## How to complete this task
Reproduce exactly, and only, the lines of the material below running from the line bearing "2020年全球高頻高速覆銅板" through the line bearing "Univerzálny štvorcový liatinový". Leave any pictures out.

## Given data
┄┄┄┄┄┄┄┄┄┄

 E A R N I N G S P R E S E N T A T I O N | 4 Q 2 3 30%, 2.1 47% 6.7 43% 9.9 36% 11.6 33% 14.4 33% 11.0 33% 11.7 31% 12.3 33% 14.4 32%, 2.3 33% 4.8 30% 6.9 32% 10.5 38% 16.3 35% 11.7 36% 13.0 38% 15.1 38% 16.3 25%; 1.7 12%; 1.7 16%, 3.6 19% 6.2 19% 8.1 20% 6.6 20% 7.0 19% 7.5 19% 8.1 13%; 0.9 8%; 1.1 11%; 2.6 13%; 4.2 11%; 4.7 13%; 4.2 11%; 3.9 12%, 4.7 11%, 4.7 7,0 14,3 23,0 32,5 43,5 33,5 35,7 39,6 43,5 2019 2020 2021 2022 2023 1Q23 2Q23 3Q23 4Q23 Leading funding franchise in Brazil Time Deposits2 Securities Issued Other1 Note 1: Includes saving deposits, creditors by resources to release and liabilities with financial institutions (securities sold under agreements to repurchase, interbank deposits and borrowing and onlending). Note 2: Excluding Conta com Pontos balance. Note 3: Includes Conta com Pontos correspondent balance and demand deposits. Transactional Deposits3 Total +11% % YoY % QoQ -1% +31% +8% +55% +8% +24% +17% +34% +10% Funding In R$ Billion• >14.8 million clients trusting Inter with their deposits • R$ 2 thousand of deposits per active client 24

┄┄┄┄┄┄┄┄┄┄

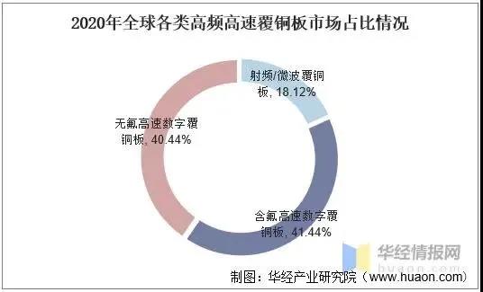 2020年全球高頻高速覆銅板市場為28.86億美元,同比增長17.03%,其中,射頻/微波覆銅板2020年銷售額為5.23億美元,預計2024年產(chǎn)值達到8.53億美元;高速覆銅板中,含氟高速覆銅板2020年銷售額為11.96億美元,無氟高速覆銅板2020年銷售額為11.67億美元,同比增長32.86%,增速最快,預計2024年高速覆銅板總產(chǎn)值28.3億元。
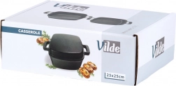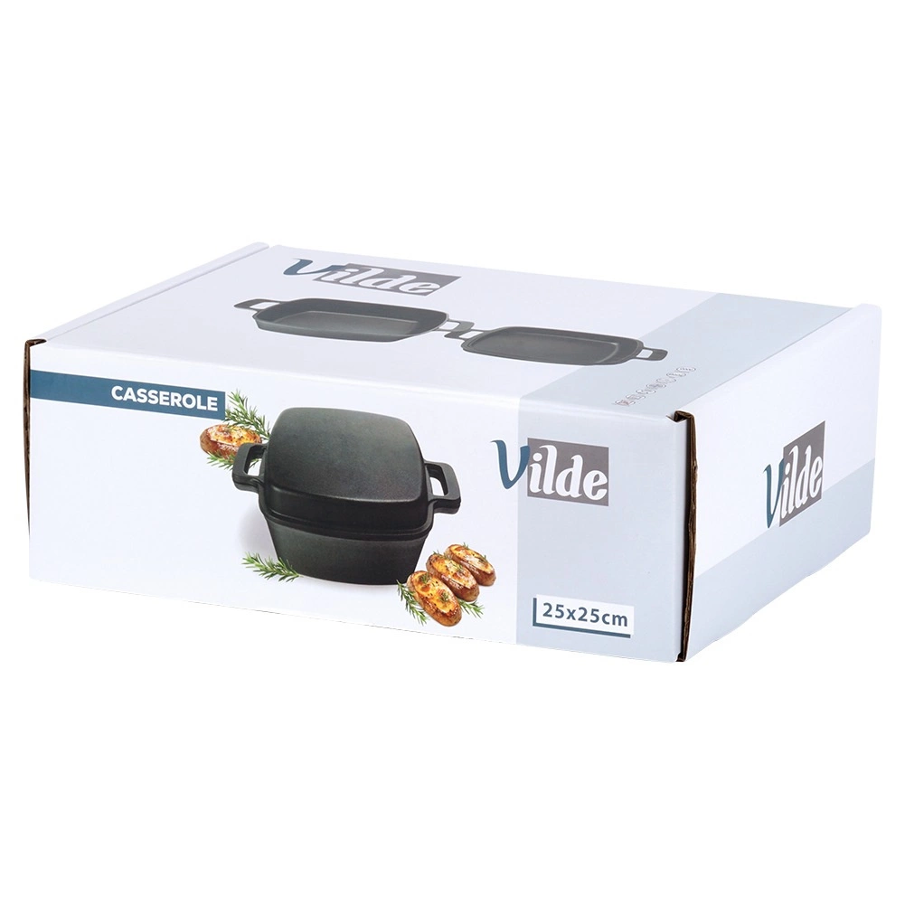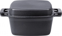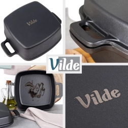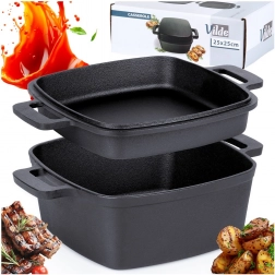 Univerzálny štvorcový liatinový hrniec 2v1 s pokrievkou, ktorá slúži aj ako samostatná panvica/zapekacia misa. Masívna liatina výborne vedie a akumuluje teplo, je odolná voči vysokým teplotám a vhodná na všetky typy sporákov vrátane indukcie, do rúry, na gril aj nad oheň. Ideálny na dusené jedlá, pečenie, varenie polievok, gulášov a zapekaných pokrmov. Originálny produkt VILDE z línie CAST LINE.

┄┄┄┄┄┄┄┄┄┄

## Exercise answer
 2020年全球高頻高速覆銅板市場為28.86億美元,同比增長17.03%,其中,射頻/微波覆銅板2020年銷售額為5.23億美元,預計2024年產(chǎn)值達到8.53億美元;高速覆銅板中,含氟高速覆銅板2020年銷售額為11.96億美元,無氟高速覆銅板2020年銷售額為11.67億美元,同比增長32.86%,增速最快,預計2024年高速覆銅板總產(chǎn)值28.3億元。
 Univerzálny štvorcový liatinový hrniec 2v1 s pokrievkou, ktorá slúži aj ako samostatná panvica/zapekacia misa. Masívna liatina výborne vedie a akumuluje teplo, je odolná voči vysokým teplotám a vhodná na všetky typy sporákov vrátane indukcie, do rúry, na gril aj nad oheň. Ideálny na dusené jedlá, pečenie, varenie polievok, gulášov a zapekaných pokrmov. Originálny produkt VILDE z línie CAST LINE.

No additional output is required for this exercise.